# Structural analysis of discontinuous concepts

The purpose of this analysis notebook is to make an in-depth analysis of structures. This makes the basis for a large portion of the corresponding section in the final thesis paper.

## Coordinated concepts

Coordinations are the only thing marked in GENIA while CRAFT also contains other types. Therefore, GENIA will be used primarily in this part. The variable `corpus_name` can be set to either `genia` or `craft` to run with.

In [15]:
corpus_name = 'genia'

First, let's load the corpus, then extract concepts and their constituent structures.

In [16]:
import os
os.chdir('..')  # get to the root directory of the project

from datautils import dataio, annotations as anno

# load the corpora
corpus = dataio.load_corpus(corpus_name)

# not all docs in genia get Constituent annotations; if so, leave them out
if corpus_name.lower() == 'genia':
    corpus = [doc for doc in corpus if doc.get_annotations(anno.Constituent)]

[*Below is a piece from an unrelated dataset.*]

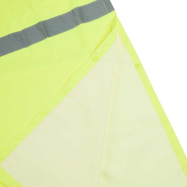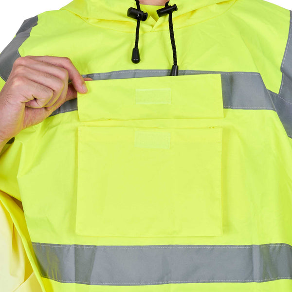 Enhance safety and visibility with this protective gear. The Be Safe Waterproof Waterproof Poncho - Lime, Plastic, Reflective, Windproof, 55.12 inches x 80 inches is designed with a hi-vis lime color to ensure staff visibility on-site, making it an essential waterproof poncho for outdoor workers. This reflective rain poncho features Class 3 reflective stripes, significantly enhancing safety in dim environments. Made from durable plastic, its 100% waterproof design with stitched and taped seams ensures reliable protection against the elements while remaining breathable for comfort on summer days. The hooded rain poncho's snap side closure allows for quick removal during emergencies, ensuring that your team can respond swiftly to any situation. Its machine-washable property adds convenience, making it easy to maintain cleanliness and hygiene. Equip your staff with this recyclable, windproof poncho to boost safety in high-risk environments. Sold in a 20 count box.

Loading GENIA corpus ... NOTE: 13 files cannot get Constituent annotations!


100%|██████████| 1599/1599 [00:10<00:00, 149.36it/s]


In [17]:
concepts = [c for doc in corpus for c in doc.get_annotations(anno.Concept)]
disc_concepts = [c for doc in corpus for c in doc.get_annotations(anno.DiscontinuousConcept)]

In [18]:
concept_consts = [(concept, doc.get_annotations_at(concept.span, anno.Constituent)[0])
                  for doc in corpus
                  for concept in doc.get_annotations(anno.DiscontinuousConcept)]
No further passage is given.